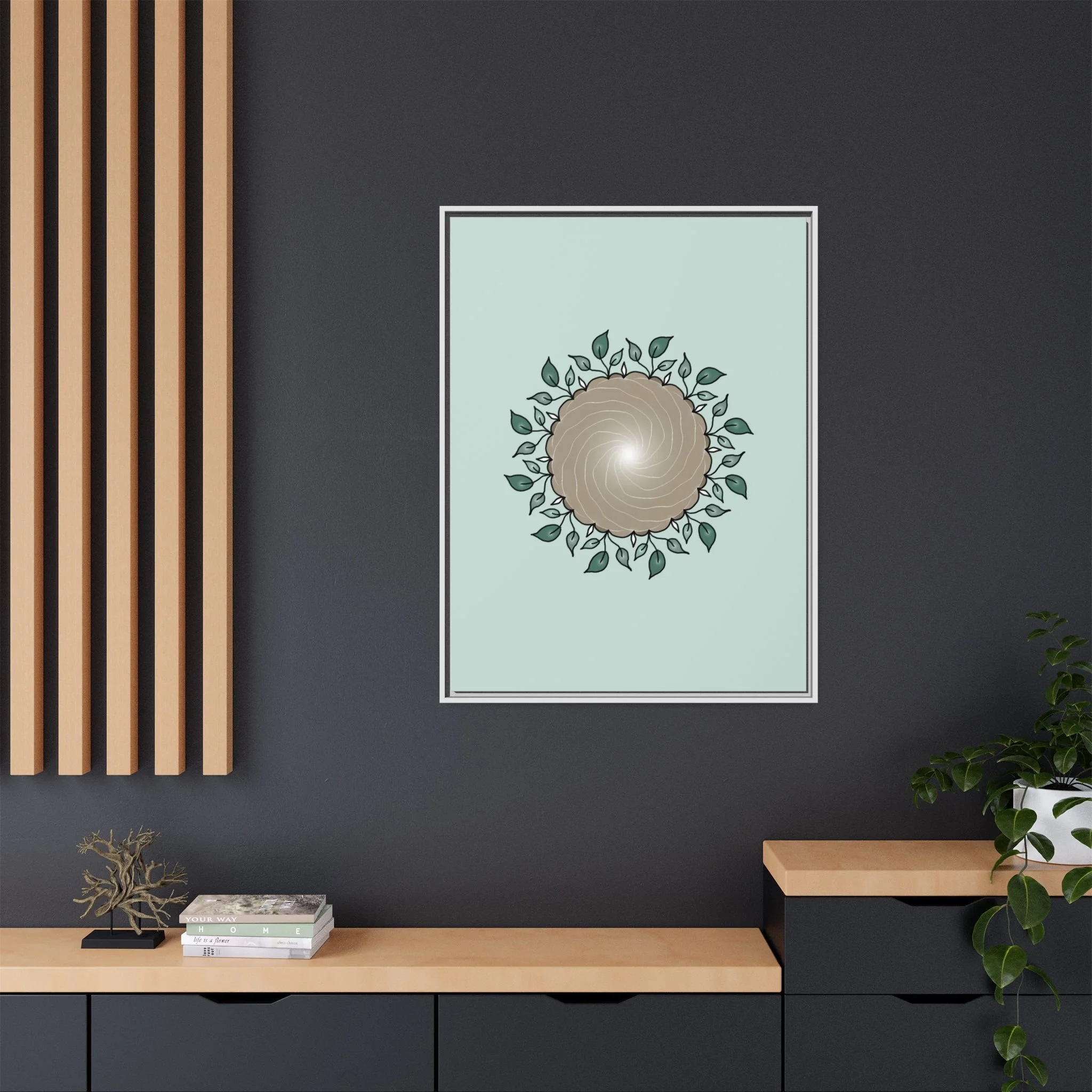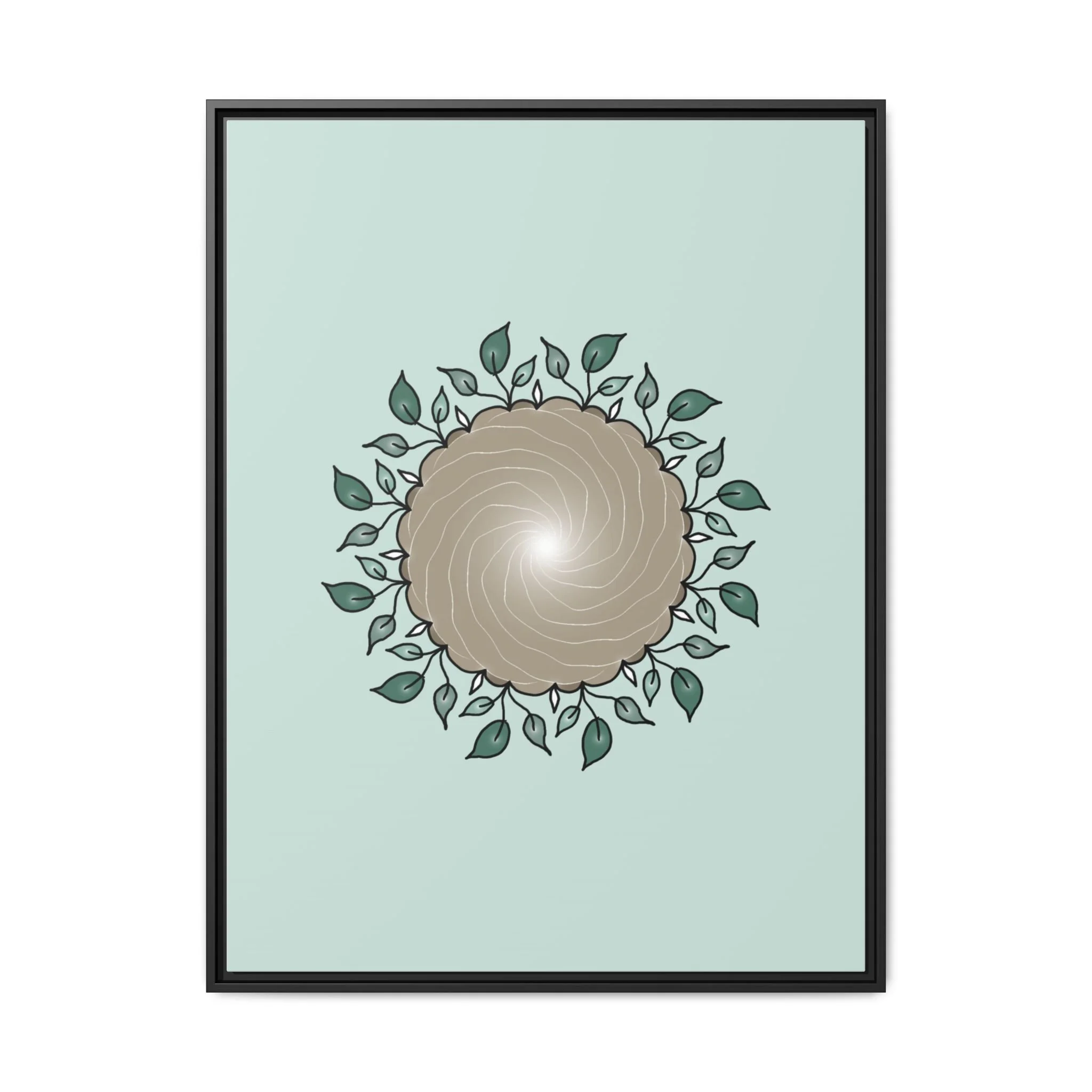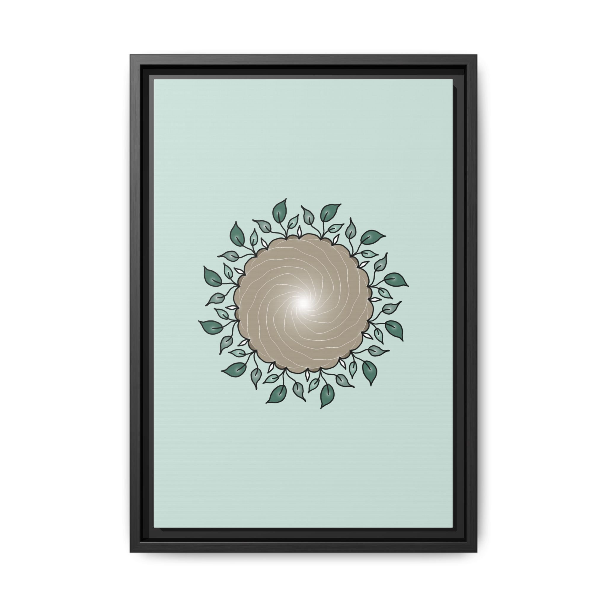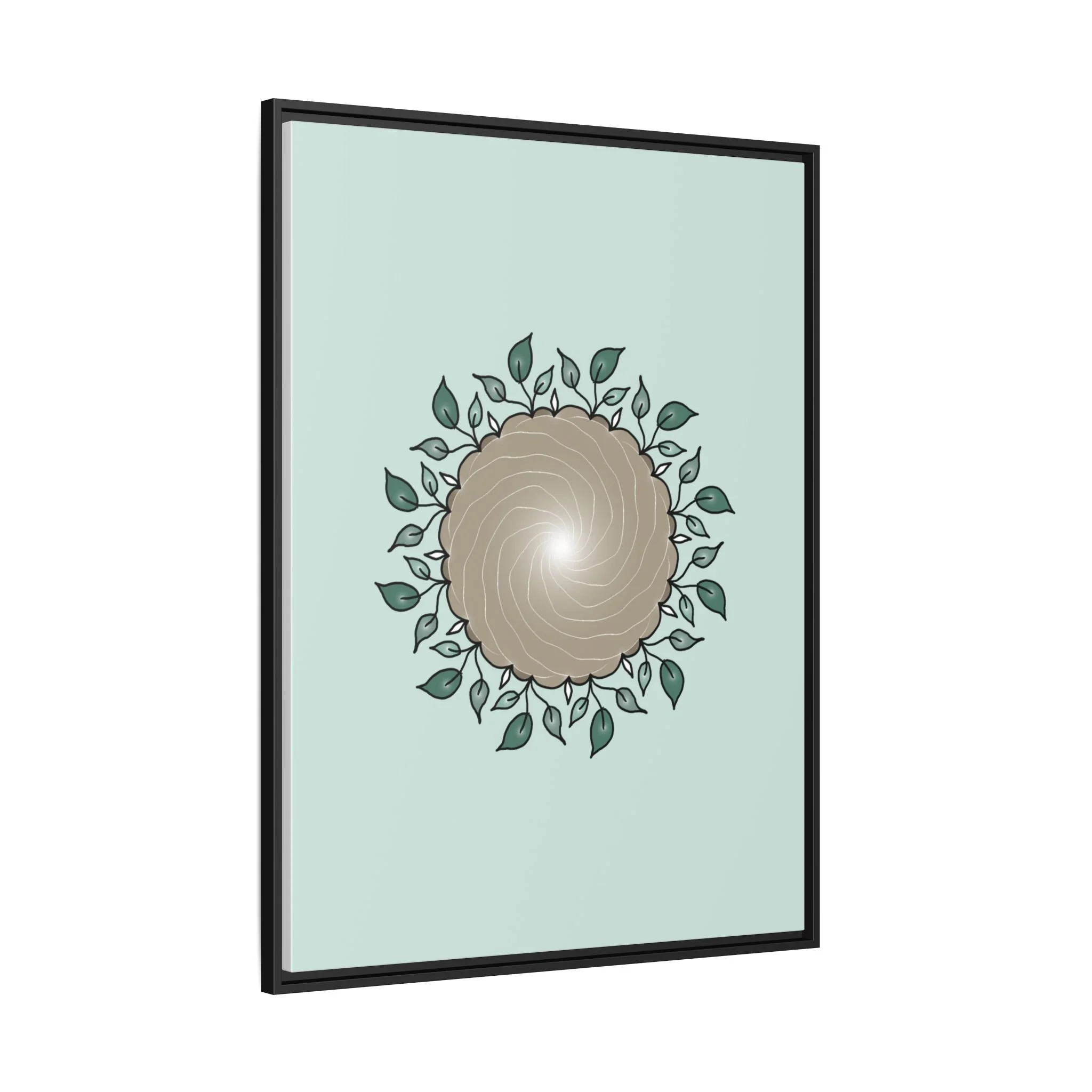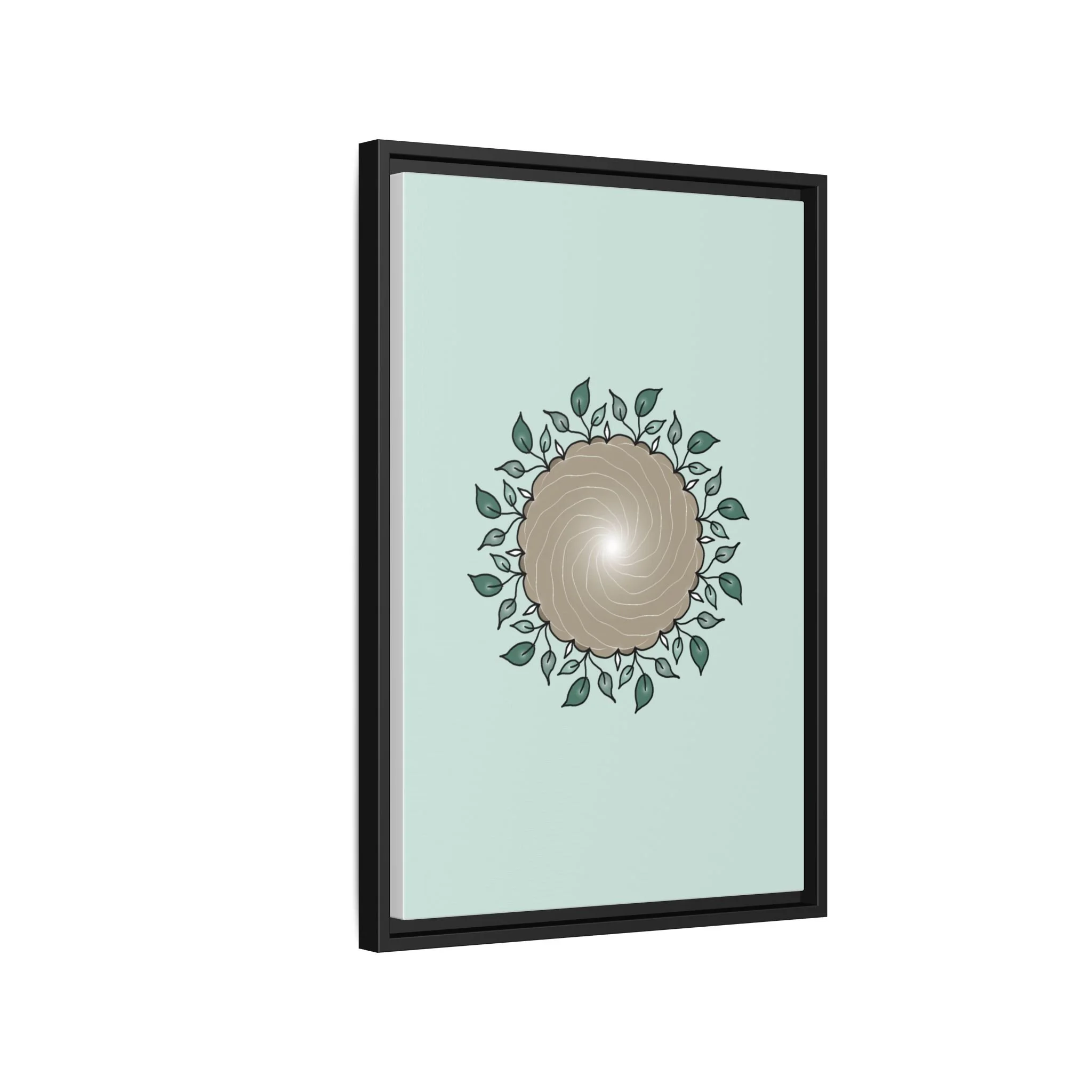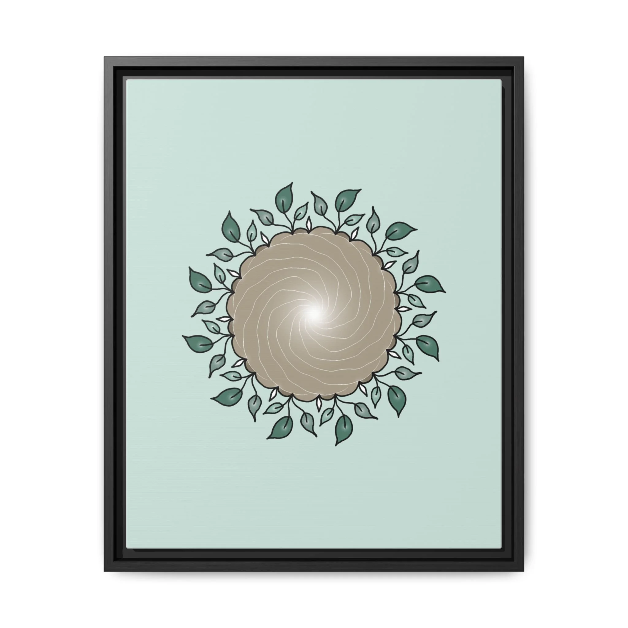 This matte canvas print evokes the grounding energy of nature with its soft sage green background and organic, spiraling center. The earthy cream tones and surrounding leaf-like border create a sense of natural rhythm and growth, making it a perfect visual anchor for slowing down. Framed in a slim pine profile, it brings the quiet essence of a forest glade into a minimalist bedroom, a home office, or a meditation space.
________________________________________
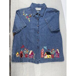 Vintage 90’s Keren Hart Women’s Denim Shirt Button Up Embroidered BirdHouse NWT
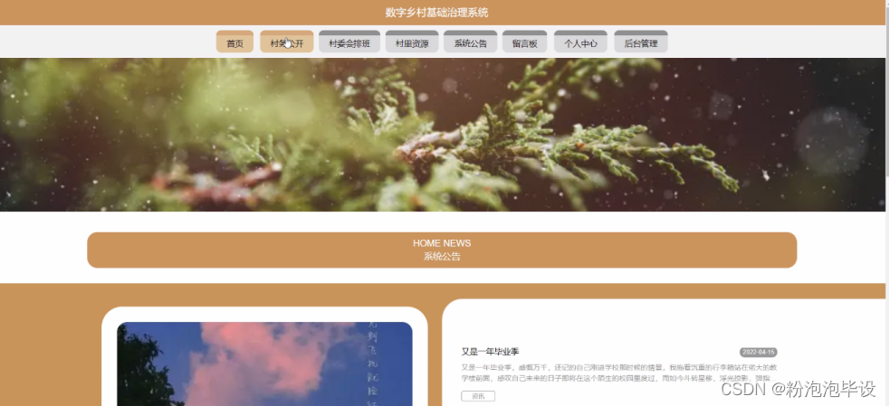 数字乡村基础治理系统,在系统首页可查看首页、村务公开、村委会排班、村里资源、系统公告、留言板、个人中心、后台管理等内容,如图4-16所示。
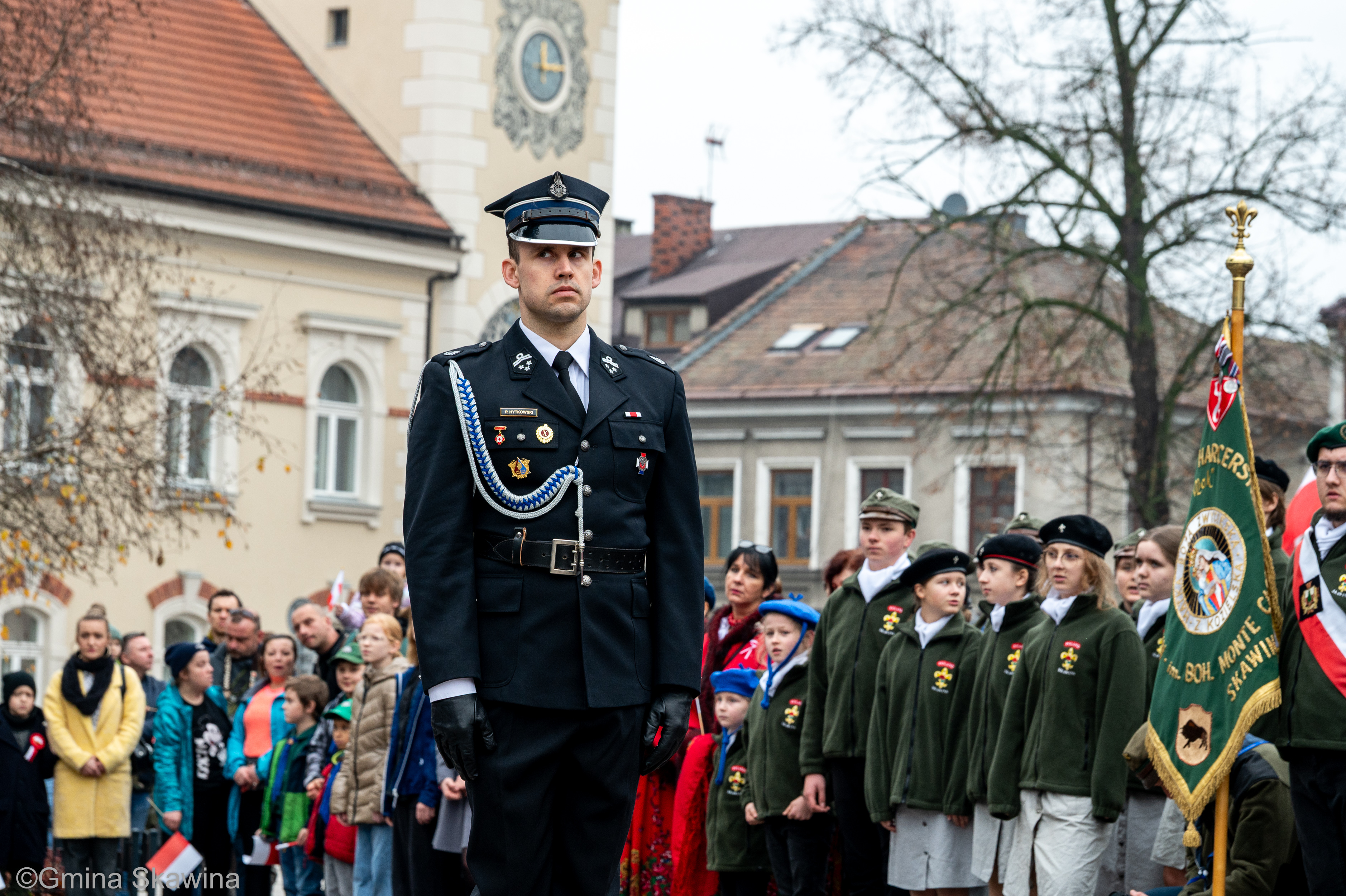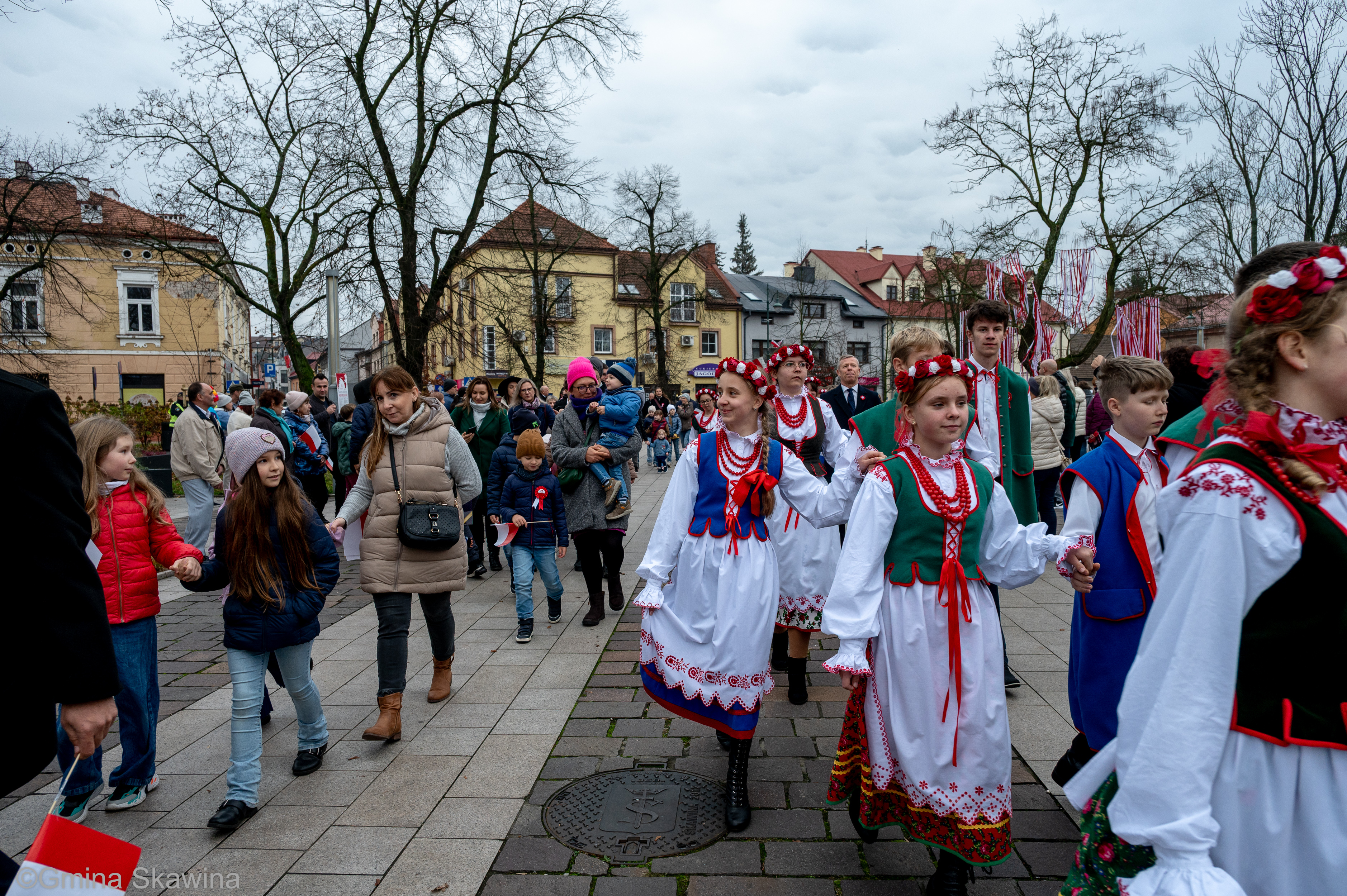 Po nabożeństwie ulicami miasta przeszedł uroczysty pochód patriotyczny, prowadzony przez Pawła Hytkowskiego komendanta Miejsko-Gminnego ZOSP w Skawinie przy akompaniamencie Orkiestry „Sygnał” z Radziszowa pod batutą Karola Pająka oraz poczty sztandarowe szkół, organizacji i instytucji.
________________________________________
ASSIGNMENT
Copy only this from above: the line containing "Vintage 90’s Keren", the line containing "Po nabożeństwie ulicami", and all lines between, printed exactly. Leave out the pictures.

TASK RESULT
 Vintage 90’s Keren Hart Women’s Denim Shirt Button Up Embroidered BirdHouse NWT
 数字乡村基础治理系统,在系统首页可查看首页、村务公开、村委会排班、村里资源、系统公告、留言板、个人中心、后台管理等内容,如图4-16所示。
 Po nabożeństwie ulicami miasta przeszedł uroczysty pochód patriotyczny, prowadzony przez Pawła Hytkowskiego komendanta Miejsko-Gminnego ZOSP w Skawinie przy akompaniamencie Orkiestry „Sygnał” z Radziszowa pod batutą Karola Pająka oraz poczty sztandarowe szkół, organizacji i instytucji.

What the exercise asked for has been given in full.